A Combiner runs after the Mapper and before the Reducer,it will receive as input all data emitted by the Mapper instances on a given node. then emits output to the Reducers.
And also,If a reduce function is both commutative and associative, then it can be used as a Combiner.
My Question is what does the phrase "commutative and associative" mean in this situation?

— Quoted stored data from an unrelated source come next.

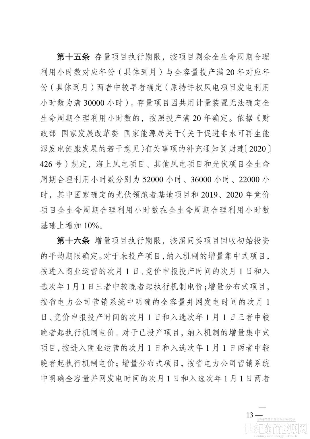 按项目剩余全生命周期合理利用小时数对应年份与全容量投产满20年对应年份较早者确定(原特许权风电项目投产发电利用小时数为满30000小时)。到期后,存量项目不再执行机制电价。
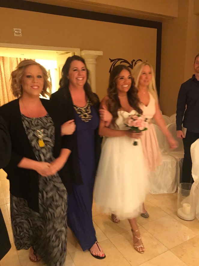 The first two nights, we spent apart for a bachelorette/bachelor party. The last evening, we all reunited for the vow renewal. Because this was just friends, Kelly had me and our two other friends walk her down the aisle. It was a beautiful ceremony and evening!
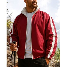 בגדי ריקוד גברים בולם רוח מעיל ג'קט לטיולי הליכה חיצוני עמיד למים עמיד בגדי טיולים אביב סתיו צמרות מחנאות / צעידות / טיולי מערות ריצה צבע אחיד שחור אדום כחול
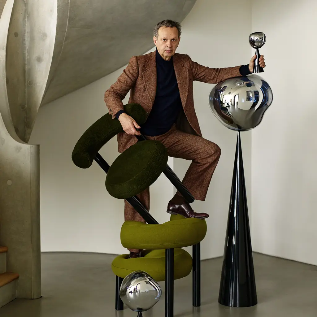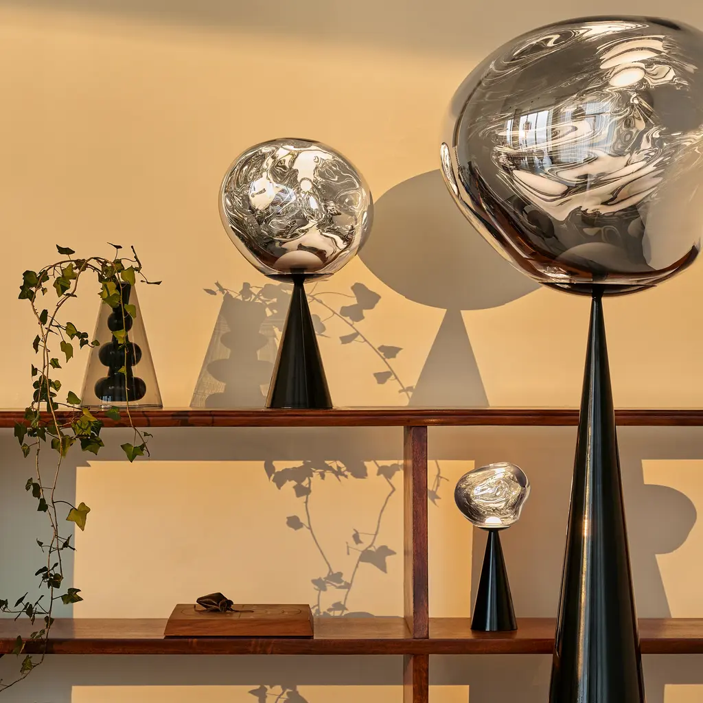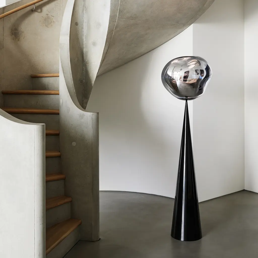 Brit Tom Dixon literally broke the mold with Melt, his vacuum-formed lighting design. His metallic "blob" shines as a floor lamp with a wide cone base. The distorted sphere shade comes in a choice of gold, copper, silver, or smoke finish to cast its softened glow with the designer's requisite offbeat style.
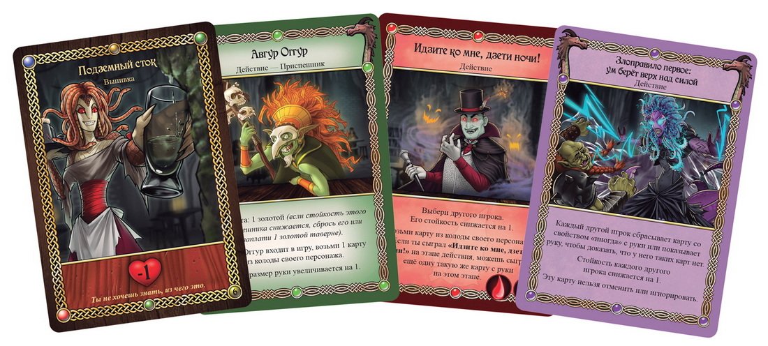 Відома Таверна «Червоний Дракон» знову гостинно відчиняє свої двері, але цього разу для справжніх лиходіїв. Інтернет-магазин настільних ігор Ход Конем із задоволенням пропонує нову версію улюбленої настілки, в яку можна зіграти як в самостійну гру, а можна змішати нові колоди з тими, що вже є у вашій колекції з цієї серії. У нас ви можете купити випуск «Таверна «Красный Дракон»: Злодеи (Таверна «Червоний Дракон»: Лиходії)» та насолодитися новими колоритними фентезійними персонажами. Тут на вас чекають відьма Даарека Гроза розуму, ельфійська мумія Амундир Проклята, людина-вампір Барон фон Владло і сам король гоблінів Торглснарф Данкельтонський. Кожен зі своїми особливими картами та вміннями, між іншим!

Assume you have a list of numbers, 1 2 3 4 5 6.
Associative here means you can take your operation and apply it to any subgroup, then apply it to the result of those and get the same answer:
(1) + (2 + 3) + (4 + 5 + 6)
==
(1 + 2) + (3 + 4) + (5) + (6)
==
...
Think of the parenthesis here as the execution of a combiner.
Commutative means that the order doesn't matter, so:
1 + 2 + 3 + 4 + 5 + 6
==
2 + 4 + 6 + 1 + 2 + 3
==
...
For example, addition, fits this property, as seen before. "Maximum" fits this property above as well, because the max of maxs is the max. max(a,b) == max(b,a).
Median is an example that doesn't work: the median of medians is not the true median.
Don't forget another important property of a combiner: the input types for the key/value and the output types of the key/value need to be the same. For example, you can't take in a string:int and return a string:float.
Often times, the reducer might output some sort of string instead of numerical value, which may prevent you from just plugging in your reducer as the combiner.